Demonstration. Learners observe new knowledge and skill applied, not just described.
Application. Learners practice with feedback and diminishing coaching.
Integration. Learners transfer new knowledge into their everyday work through reflection, discussion, and defense.

These are not aspirational ideals. They are empirically observed conditions. Instruction that satisfies all five consistently outperforms instruction that satisfies fewer. The principles are prescriptive, not descriptive: they tell you what to design, not just what to hope for.

What makes Merrill's framework particularly useful for evaluating AI training is its diagnostic power. When a training program fails to produce behavioral change, the principles tell you where it failed. Most AI training programs fail at all five.

Problem-Centered

Merrill's first and most foundational principle: learning is promoted when learners are engaged in solving real-world problems.

Not case studies about problems. Not hypothetical scenarios. Not multiple-choice questions about what you would do in a situation. Real problems, with real stakes, where the learner's response matters.

Most AI training programs violate this principle immediately. They present decontextualized content: slides about responsible AI principles, definitions of hallucination, policy documents about acceptable use. The learner absorbs information about problems other people have had. They do not encounter those problems themselves.

The PAICE assessment is a real problem. When you begin the assessment, you choose a topic from your own professional domain. You then collaborate with an AI assistant on that topic for approximately 25 minutes. The AI is helpful, knowledgeable, and conversational. It is also, at strategic points, wrong.

The errors are not flagged. They are not preceded by a warning or followed by a debrief. They are embedded in the conversation the same way they would be embedded in any real AI interaction: confidently stated, plausibly formatted, easy to accept. Your job is to do what you would do in real work: collaborate effectively, verify when something matters, and catch what needs catching.

This is not a simulation of a problem. It is the problem. The same cognitive challenge that professionals face every day when they use AI tools is recreated under observation. The difference between accepting a hallucinated statistic during a PAICE assessment and accepting one during a client deliverable is context, not cognitive demand.

Activation

Merrill's second principle: learning is promoted when existing knowledge is activated as a foundation for new knowledge.

Effective instruction does not start from zero. It connects to what the learner already knows, uses that knowledge as scaffolding, and builds from there. When instruction ignores prior knowledge, learners either disengage (because the content feels irrelevant) or fail to integrate (because there is nothing to attach the new knowledge to).

Most AI training treats every learner the same regardless of their domain expertise. A compliance officer with 15 years of regulatory experience receives the same "Introduction to AI" module as a recent hire. The training does not leverage the compliance officer's deep knowledge of what correct regulatory analysis looks like. It teaches generic AI concepts and hopes the learner figures out the domain-specific implications on their own.

PAICE activates prior knowledge by design. Because you choose your own professional topic, the assessment is conducted in the domain where your expertise is strongest. When the AI makes an error about contract law, only a lawyer with contract experience will catch it naturally. When it overstates a clinical finding, only a clinician familiar with that literature will notice the inflation.

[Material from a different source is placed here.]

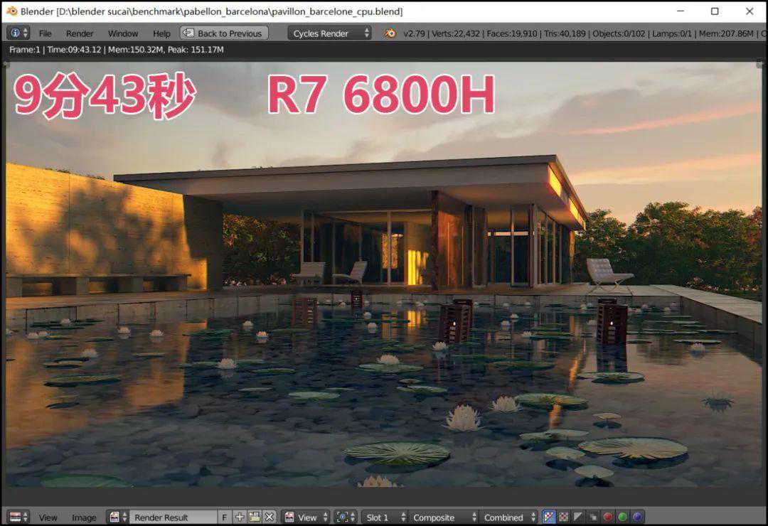 当然,三维渲染也不是只有Cinema4D这一款应用。下面我们更换了测试软件,采用Bler,它也是非常流行的建模和渲染软件,还可调用多种渲染引擎。这里我们依然采用CPU引擎,渲染官方提供的样张▼:
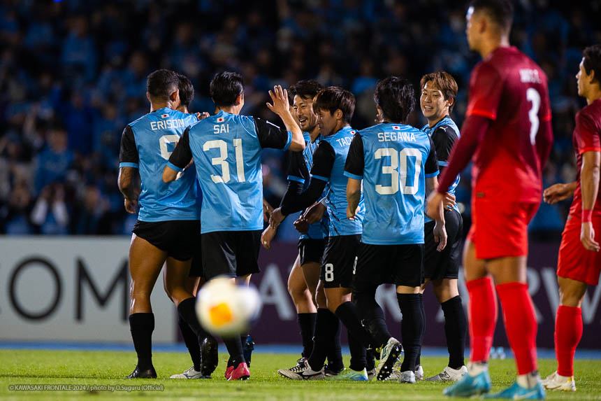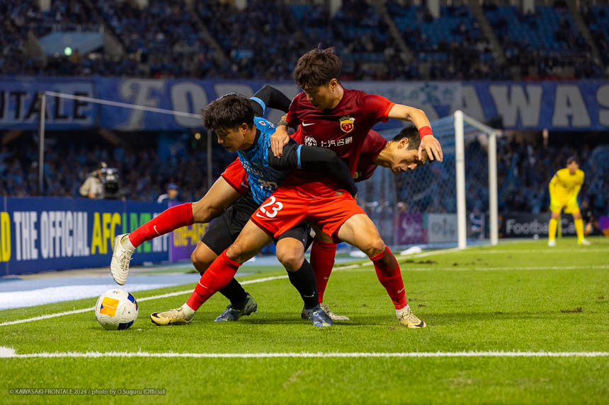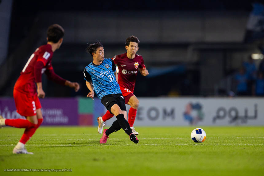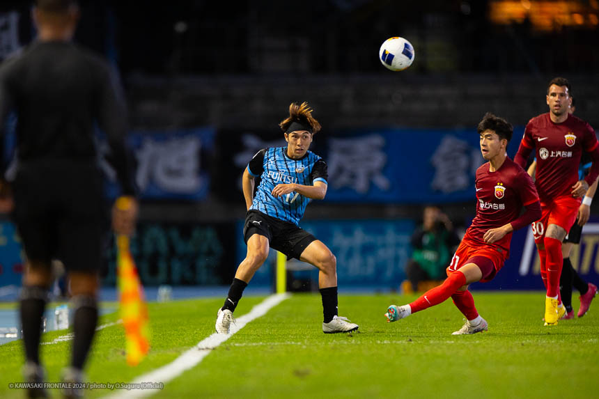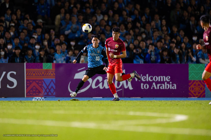 フロンターレのスターティングメンバーはトップにエリソン、1.5列目に瀬川、左ワイドに家長、右に遠野、ボランチは山本-橘田のコンビ、最終ラインは三浦-丸山-佐々木-際、GKソンリョン。2分、フロンターレの攻撃。相手陣内でボールを奪い返し、山本が左サイドからクロス。逆サイドから遠野が折り返すがGKにキャッチされる。3分、佐々木が自陣から長いボールを入れて瀬川が抜け出すがファウルで止められる。5分、エリア左前からのフリーキック。山本が直接シュートを狙うが壁に当たりGKにキャッチされる。6分、上海海港の攻撃。自陣でボールを奪い返され左サイドからクロスが入るがボールはゴール前を通過。さらに自陣でボールを奪われグスタボに左サイドからシュートを打たれるがGKソンリョンがキャッチ。7分、セカンドボールを拾われ圧力をかけられるが守備陣がしのぐ。8分、攻勢をしのがれカウンターを受けるが家長が戻り対応。9分、フロンターレの攻撃。中盤でボールを奪ってショートカウンターからエリソン、橘田と連続してミドルシュートを狙うが止められる。11分、相手陣内でボールを奪いショートカウンターから山本が縦パスを入れるが瀬川はシュートに持ち込めず。12分、左サイドに展開。三浦が中盤からドリブルをしかけて深い位置に入り込み折り返し。クリアボールに反応した家長がダイレクトで合わせる(1-0)。13分、自陣からボールを運んでセカンドボールを拾った山本が縦パスを入れ瀬川がボールを出しエリソンがシュート。GKが弾いたボールを瀬川が合わせる(2-0)。16分、上海海港の攻撃。パスをつながれ押し込まれるが守備陣がしのぐ。17分、右スローインの流れからクロスが入るが守備陣が対応。19分、カウンターをカウンターで返され前線にロングボールを入れられるがGKソンリョンが飛び出してクリア。20分、左スローインからの流れ。左サイドからのクロスをヘッドで合わせられるがGKソンリョンがキャッチ。21分、左サイド裏のスペースに浮き球を入れられるが際が戻りながらクリア。22分、左サイドからのクロスを逆サイドから戻されてゴール前グスタボに合わせられるがGKソンリョンがキャッチ。

This is not a design convenience. It is the mechanism that makes failure injection work. PAICE does not test whether you can identify errors in topics you know nothing about. It tests whether you apply the verification habits that your professional expertise makes possible. The assessment activates your existing knowledge and then observes whether you use it.

The Accountability dimension (A, weighted at 30% of your total score) specifically measures this activation. Do you bring your professional judgment to bear on the AI's output, or do you defer to the AI's confident presentation? The assessment can only answer that question because it operates in the domain where your judgment is strongest.

Demonstration

Merrill's third principle: learning is promoted when new knowledge is demonstrated to the learner.

Demonstration is not telling. It is showing. A lecture about how AI can hallucinate is telling. Watching an AI hallucinate in a conversation about your own work is demonstration. The difference is not subtle, and the learning outcomes are not equivalent.

Most AI training is entirely declarative. "AI systems can produce confident but incorrect outputs." "Always verify AI-generated content before using it." "Be aware of potential biases in AI training data." These statements are accurate. They are also inert. Knowing that AI can hallucinate and experiencing an AI hallucination in a conversation where you trusted the output are fundamentally different cognitive events.

During a PAICE assessment, the AI demonstrates the behaviors that matter. It demonstrates overconfidence by presenting uncertain information with authoritative tone. It demonstrates hallucination by generating plausible but fabricated details. It demonstrates subtle error by getting most of an analysis right while embedding a critical mistake in the middle. It demonstrates the Dunning-Kruger pattern by producing polished, well-structured output that sounds more reliable than it is.

The professional does not read about these patterns. They encounter them. In many cases, the encounter is the first time a professional has experienced a specific failure mode in a context where they were paying close attention to the AI's output quality. This is instructionally valuable regardless of the score. The experience of watching yourself accept something you should have caught is a more powerful teacher than any slide deck.

Application

Merrill's fourth principle: learning is promoted when learners are required to use their new knowledge to solve problems, with appropriate feedback.

Application is where most AI training fails catastrophically. A training program might explain verification strategies, show examples, even walk through scenarios. But then the learner returns to their desk and the training is over. There is no structured application. There is no feedback loop. The learner either applies what they learned spontaneously or, more commonly, reverts to prior habits within days.

The PAICE assessment is entirely application. For 25 minutes, the professional applies their collaboration skills in real time. Every response is an act of application: do you verify this claim, challenge that recommendation, catch this error, or let it pass? There is no passive phase. The assessment does not lecture and then test. It places you in the performance environment and observes what you do.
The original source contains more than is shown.